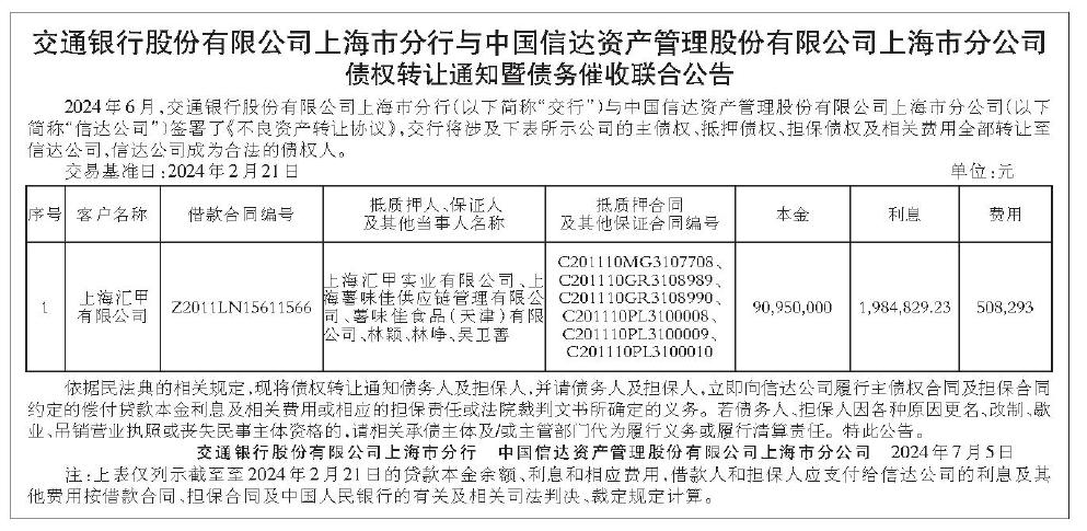 交通银行股份有限公司上海市分行与中国信达资产管理股份有限公司上海市分公司 债权转让通知暨债务催收联合公告
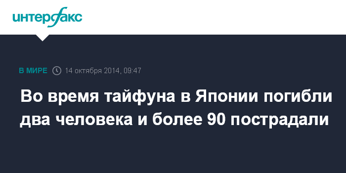 Москва. 14 октября. INTERFAX.RU - Два человека погибли и более 90 получили ранения в результате удара тайфуна "Вонгфонг" по территории Японии, сообщает японский телеканал NHK.
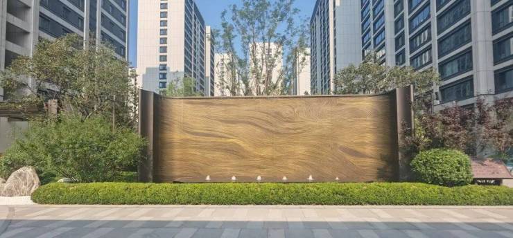 汾河承载了历代风华,晨钟暮鼓,更哺育着一代又一代的人。背景墙采用金丝镶嵌手法结合汾河主题表现出传统与当代的演变,是文化与当代审美的艺术展现。园区次入口水幕墙为不锈钢仿铜凸面金丝纹路板水幕墙:该水幕墙由4块直面不锈钢板、2块曲面不锈钢板组成。每块不锈钢板均采用不锈钢蚀刻工艺,金丝纹路部位凸出板面1.5mm。
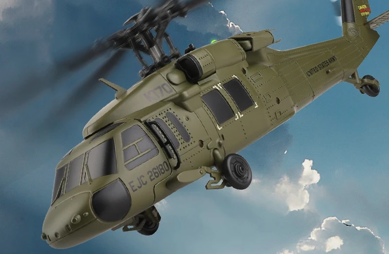 The RotoMavi RC Helicopter delivers authentic Black Hawk UH-60L performance with advanced brushless motor technology and intelligent 6-axis stabilization. Perfect for beginners and enthusiasts seeking precision control and realistic flight dynamics in a compact, durable design.
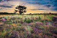 Een natuurbeeld van bloeiende paarse heide in het duin bij een zonsopkomst. Een Hollands duinlandschap in de vroege ochtend met heide en een naaldboom.

WORK ORDER
What you need to copy is the run of lines from the one holding "The RotoMavi RC" through the end of the data, exactly and only, both ends included, pictures omitted.

EXPECTED OUTPUT
 The RotoMavi RC Helicopter delivers authentic Black Hawk UH-60L performance with advanced brushless motor technology and intelligent 6-axis stabilization. Perfect for beginners and enthusiasts seeking precision control and realistic flight dynamics in a compact, durable design.
 Een natuurbeeld van bloeiende paarse heide in het duin bij een zonsopkomst. Een Hollands duinlandschap in de vroege ochtend met heide en een naaldboom.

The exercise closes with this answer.